Published:Sunday | March 10, 2013 | 12:00 AM

In this April 12, 2012 photo, Ruth Wilson embraces her father, who declined to be identified by name for fear of being

targeted for the Jamaican lottery scam or any other fraud again, in his home in Bothell, Washington. A task force has

fought to contain lottery scammers based mainly in western Jamaica who have defrauded Americans of tens of

millions of US dollars. - File

Ian Boyne, Contributor

I had always wondered how so many persons could be so dumb and inexplicably stupid to be scammed by

our lotto crooks until I heard the debate in Parliament and saw clearly the connection between lotto

scamming and our information technology sector.

The scoundrels have such intimate details of people's lives and activities, obviously gleaned from contacts within our

MoBay call centres, that it is not totally surprising why they are believed.
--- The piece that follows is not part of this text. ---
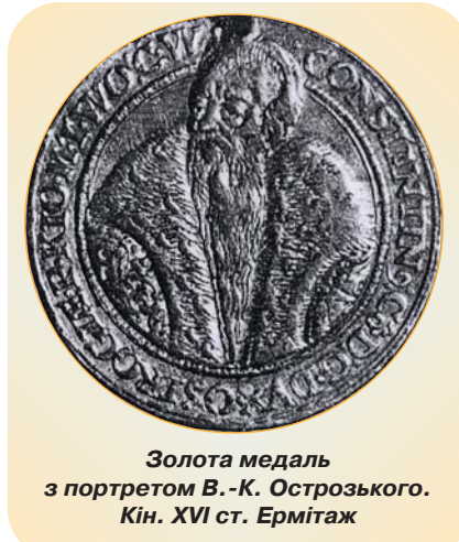
Золота медаль з портретом В.-К. Острозького. Кін. XVI ст. Ермітаж

У 1606 р. В.-К.Острозький вдало використав для боротьби за права Східної церкви рокош Зебжидовського під Сандомиром. Посланець князя архімандрит Києво-Печерський Єлисей Плетенецький домігся, щоб до вимог рокошан було додано ряд пунктів, які стосувались православних. На сеймі 1607 р. у конституції було затверджено право отримувати православні церковні посади тільки прихильникам грецької віри,

It was good that both political parties could unite in Parliament to pass that lotto-scam legislation last week. Julian

Robinson was very enlightening. He talked of investments Jamaica has lost because of our reputation for lotto

scamming.
Who wants to set up business in a country where you hire and train people who are going to steal people's identity

and pass them on to lotto scammers; a country where even innocent workers could be threatened or have their family

members threatened unless information is passed to them; where you have to be constantly firing and then hiring

again and training at considerable cost?

Now when you realise the vast potential which exists in the information-processing sector and how many jobs this

sector could deliver, you don't need a better example of how our immorality and corruption hold us back.

The lotto scam highlights several things which are wrong with us and acts as a mirror to our soul. Here we have an

industry with vast potential to employ many relatively low-skilled people as well as those at the high end. American

businesses which are going to India, Bangladesh, Sri Lanka, the Philippines and Barbados could be coming here.

FEEDING BLING CULTURE

Lotto scamming feeds into our frenzy for the bling lifestyle, the quick money. It also highlights muddled thinking and

reflects our moral bankruptcy. When lotto scamming can be marketed as reparation for slavery and colonialism, you

know we are in need of a moral compass. Last week at the annual GraceKennedy Foundation lecture, it was the

issue of morality which was the theme. The presenter this year was that engaging intellectual, Dr Ana Perkins, trained

at Boston College and Cambridge University, now at the University of the West Indies. Her lecture, published as a 66-

page booklet, was titled Moral Dis-ease Making Jamaica Ill?: Re-engaging the Conversation.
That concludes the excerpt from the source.